┌─ Data extracts

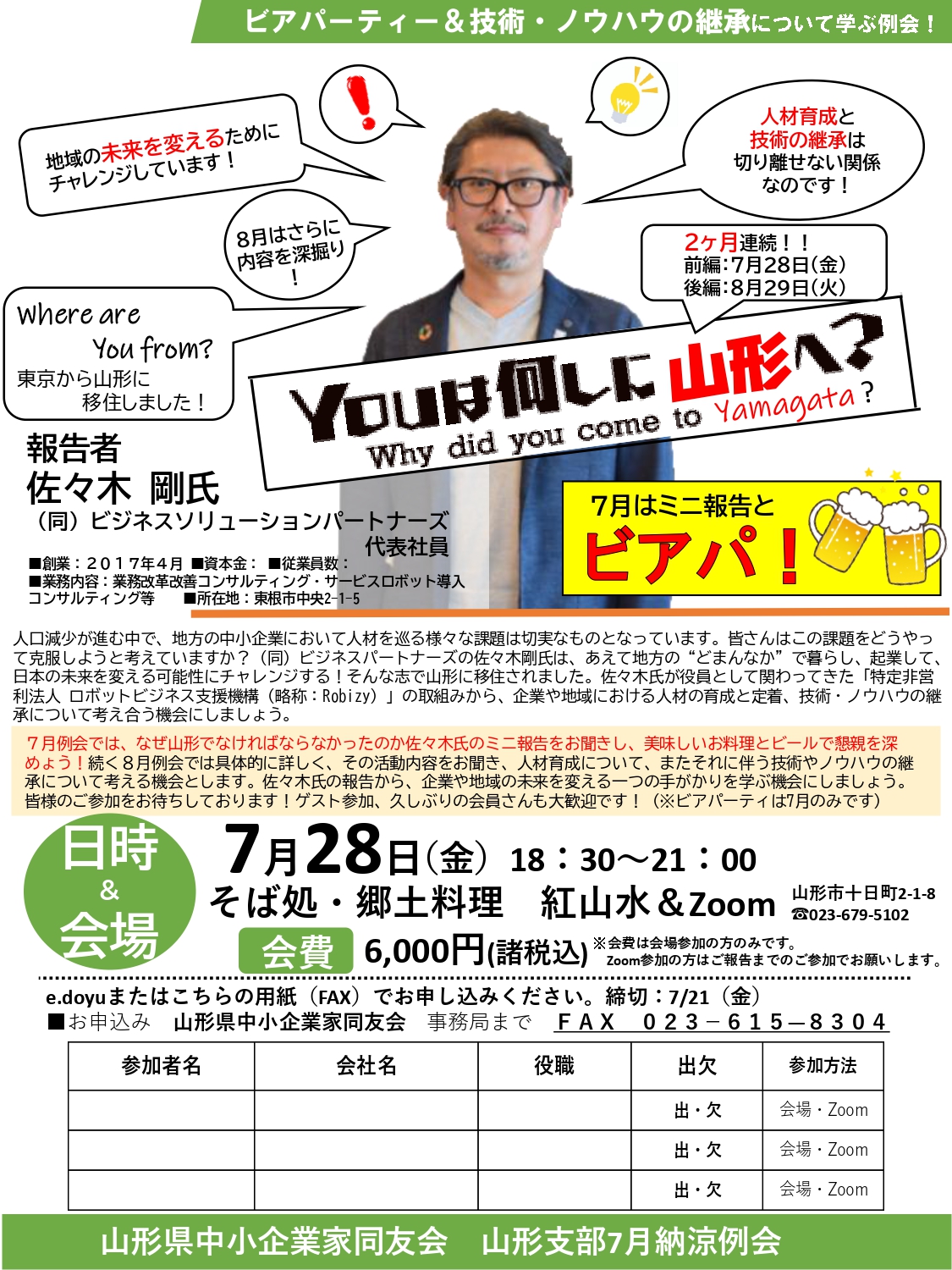 山形支部7月例会のご案内です。 7月例会は、8月例会と2か月連続の企画となります。 前編となる7月例会はビアパーティメインで、報告者の合同会社ビジネスソリューションパートナーズの佐々木氏よりミニ報告をいただきます。 Youは何しに山形へ? 日時:7月28日(金)18時30分から21時0...
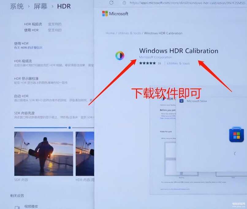系统设置里面加入了,新的HDR校准的功能,当我们打开这个功能之后呢,它会需要你在微软商店里面,下载个软件,这个软件呢,有点类似于之前Xbox上的HDR校准工具,校准完之后呢,显示器的HDR效果,它会有比较大的提升。
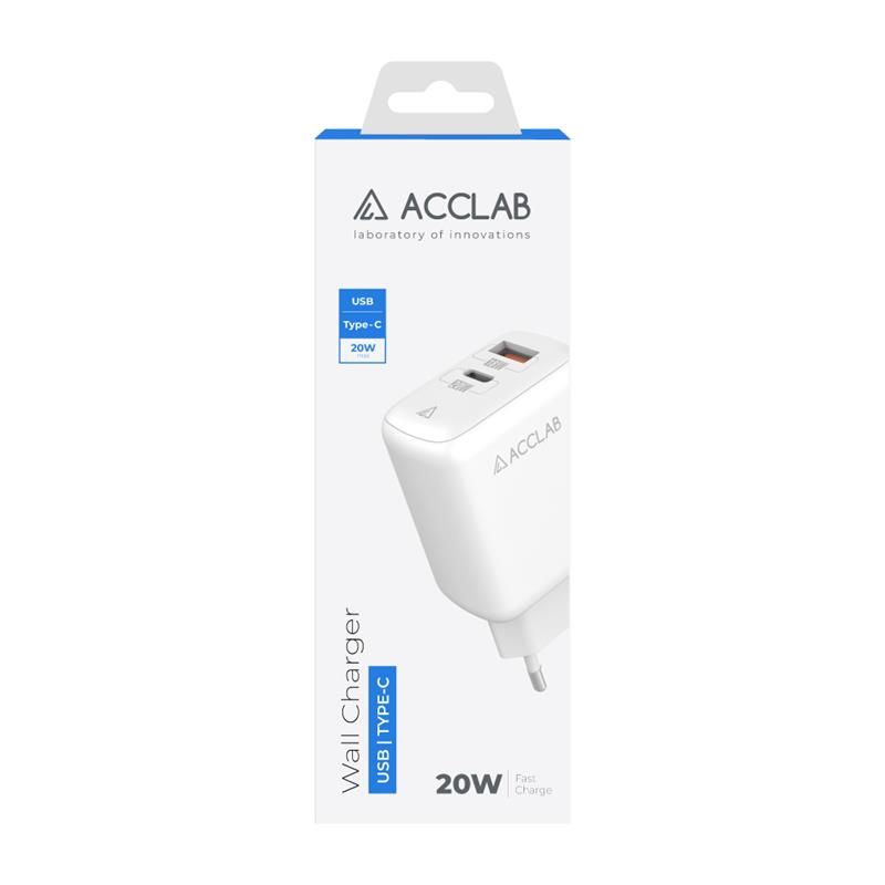 Зарядний пристрій AccLab AL-TC220 (1xUSB, 1xType-C) White (1283126556494)
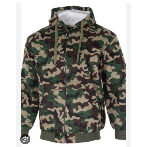 Чоловіча тепла кофта (толстовка) на блискавці, утеплена хутром (барашек) зсередини. Ідеальний вибір для холодного сезону. Матеріал: якісний трикотаж. Кофта має зручний капюшон з регульованими зав'язками, еластичні манжети та пояс. Стильний камуфляжний принт. Розмірний ряд: XL, 2XL, 3XL, 4XL, 5XL. ОПТ: пачка 5 штук (повний розмірний ряд).
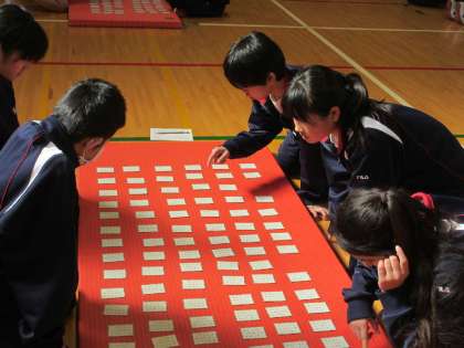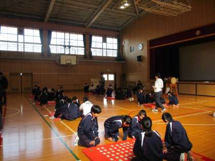 今日5・6限目に1年では、体育館で百人一首大会を行いました。昨日までインフルエンザのため学級休業でした1年2組の生徒たちも元気に参加していました。
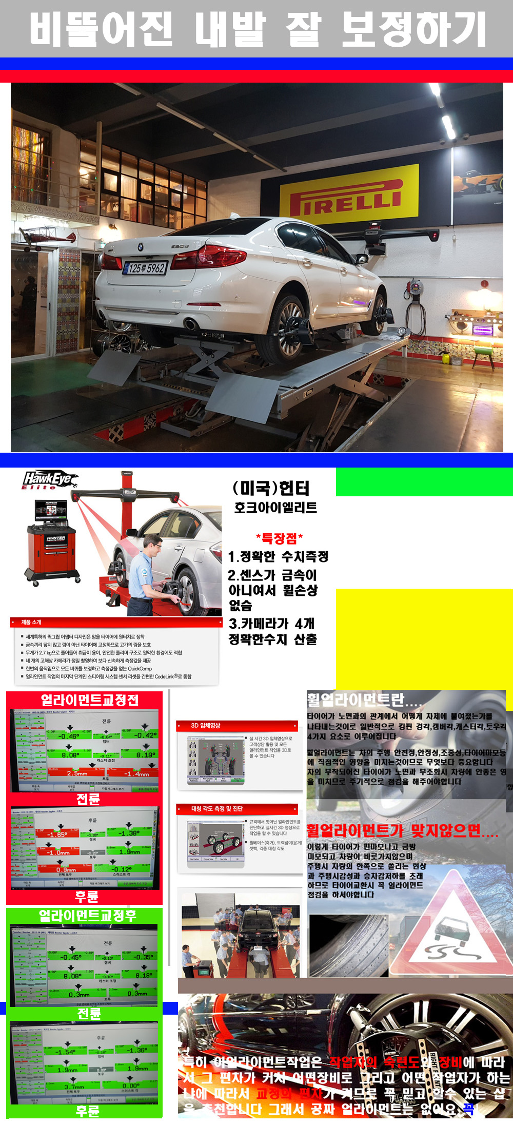 이후 미국 헌터사 호크아이엘리트 장비로 3D얼라이먼트를 진행했습니다 이장비는 현존하는 가장 진화된 얼라이먼트장비입니다 특히 4개의 고성능카메라가 장착되어져 있어 실시간으로 오차가 없는 측정값을 구현하며 바퀴당 각 휠센서 클램프가 프라스틱이며 타이어바닦면을 지지하는 방식이여서 휠의 손상이 없는것이 특징입니다 하지만 장비보다 차량의 얼라이먼트를 볼시 작업자의 정성과 그리고 능력과 숙련도가 관견이기에 꼭 휠얼라이먼트를 장사수단으로 하지않는 샵을 권장합니다 자사는 얼라이먼트정렬시 교정전 교정후를 구분하여 고객님께 직접 이수치값을 확인시켜드리고 작업을 하며 이후 각각의 특성을 가진 타이어들에 대해서 설명 및 관리요령 운전요령 같이 설명해드리고 있습니다 이후 타이어와 휠의 정확한 발란스값과 진동값을 보정후 헌터사 호크아이엘리트 3D얼라이먼트장비로 공장에서 처음 출고될시의 팩토리값으로 교정하였습니다 그리고 타이어질소가스주입기로 3번정도 진공상태로 만든후 질소가스를 주입했습니다 질소가스주입시 가장 관견은 순도이기에 이런 여러번의 진공상태후 주입하고 빼주는 과정를 많이 해주어야합니다 질소가스의 주입시 타이어공기압의 저하가 덜하고 화합물질이 반응을 하지않아 소음전파력과 그리고 타이어안쪽에 수분을 발생하지않으며 타이어안쪽에서의 공기압이 팽창하지않아 타이어에 스트레스를 덜주게 됩니다 하지만 이부분도 공기속에 질소가 80%정도 존재하기에 미미한 차이이지만 질소순도를 높이고 주행시 좋은 점이 확연히 많기에 질소주입을 해드리고 있습니다 특히 고성능타이어나 하중값을 많이 주는 타이어일경우에는 위에서 언급한 부분에서 많이 차이를 보이고 있습니다 이후 타이어왁싱후 출고했습니다+ 감사합니다
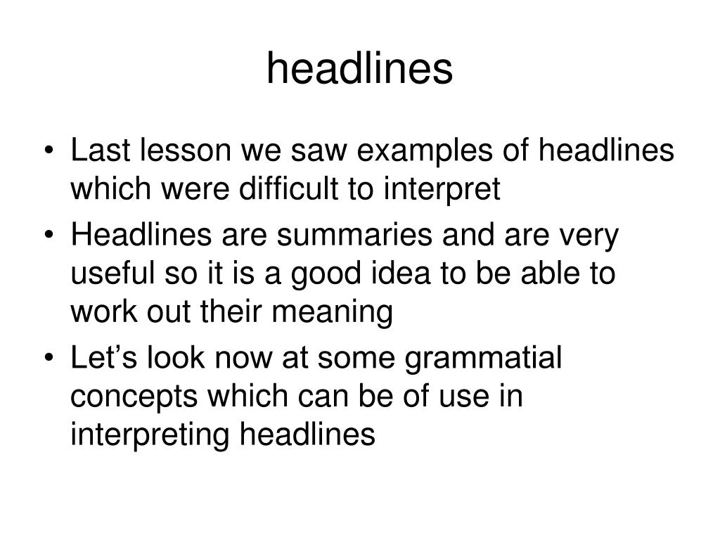 headlines • Last lesson we saw examples of headlines which were difficult to interpret • Headlines are summaries and are very useful so it is a good idea to be able to work out their meaning • Let’s look now at some grammatial concepts which can be of use in interpreting headlines
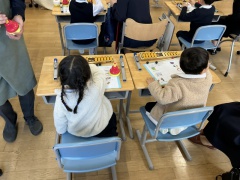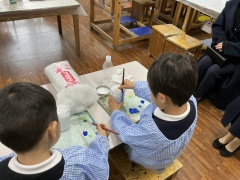 年中児の皆さまには、「おんがくあそび」「えいごあそび」「えほん」「くっきんぐ」「さいえんす」「えのぐあそび」の6つの体験授業の中から1つをお選びいただき、ご参加いただきました。
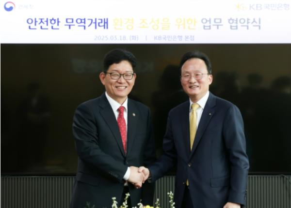 [중앙뉴스라인, 우제헌기자] 관세청은 3월 18일 여의도 국민은행 본사에서 고광효 관세청장, 이환주 KB국민은행장 및 양 기관 관계자들이 참석한 가운데 KB국민은행과 '민-관 데이터 기반 협력 업무협약(MOU)'을 체결했다.

└─

### What this task involves
Leaving the pictures aside, transcribe only the lines from the one containing "이후 미국 헌터사 호크아이엘리트" to the final line of the listing above, inclusive, exactly as they appear.

### Output below
 이후 미국 헌터사 호크아이엘리트 장비로 3D얼라이먼트를 진행했습니다 이장비는 현존하는 가장 진화된 얼라이먼트장비입니다 특히 4개의 고성능카메라가 장착되어져 있어 실시간으로 오차가 없는 측정값을 구현하며 바퀴당 각 휠센서 클램프가 프라스틱이며 타이어바닦면을 지지하는 방식이여서 휠의 손상이 없는것이 특징입니다 하지만 장비보다 차량의 얼라이먼트를 볼시 작업자의 정성과 그리고 능력과 숙련도가 관견이기에 꼭 휠얼라이먼트를 장사수단으로 하지않는 샵을 권장합니다 자사는 얼라이먼트정렬시 교정전 교정후를 구분하여 고객님께 직접 이수치값을 확인시켜드리고 작업을 하며 이후 각각의 특성을 가진 타이어들에 대해서 설명 및 관리요령 운전요령 같이 설명해드리고 있습니다 이후 타이어와 휠의 정확한 발란스값과 진동값을 보정후 헌터사 호크아이엘리트 3D얼라이먼트장비로 공장에서 처음 출고될시의 팩토리값으로 교정하였습니다 그리고 타이어질소가스주입기로 3번정도 진공상태로 만든후 질소가스를 주입했습니다 질소가스주입시 가장 관견은 순도이기에 이런 여러번의 진공상태후 주입하고 빼주는 과정를 많이 해주어야합니다 질소가스의 주입시 타이어공기압의 저하가 덜하고 화합물질이 반응을 하지않아 소음전파력과 그리고 타이어안쪽에 수분을 발생하지않으며 타이어안쪽에서의 공기압이 팽창하지않아 타이어에 스트레스를 덜주게 됩니다 하지만 이부분도 공기속에 질소가 80%정도 존재하기에 미미한 차이이지만 질소순도를 높이고 주행시 좋은 점이 확연히 많기에 질소주입을 해드리고 있습니다 특히 고성능타이어나 하중값을 많이 주는 타이어일경우에는 위에서 언급한 부분에서 많이 차이를 보이고 있습니다 이후 타이어왁싱후 출고했습니다+ 감사합니다
 headlines • Last lesson we saw examples of headlines which were difficult to interpret • Headlines are summaries and are very useful so it is a good idea to be able to work out their meaning • Let’s look now at some grammatial concepts which can be of use in interpreting headlines
 年中児の皆さまには、「おんがくあそび」「えいごあそび」「えほん」「くっきんぐ」「さいえんす」「えのぐあそび」の6つの体験授業の中から1つをお選びいただき、ご参加いただきました。
 [중앙뉴스라인, 우제헌기자] 관세청은 3월 18일 여의도 국민은행 본사에서 고광효 관세청장, 이환주 KB국민은행장 및 양 기관 관계자들이 참석한 가운데 KB국민은행과 '민-관 데이터 기반 협력 업무협약(MOU)'을 체결했다.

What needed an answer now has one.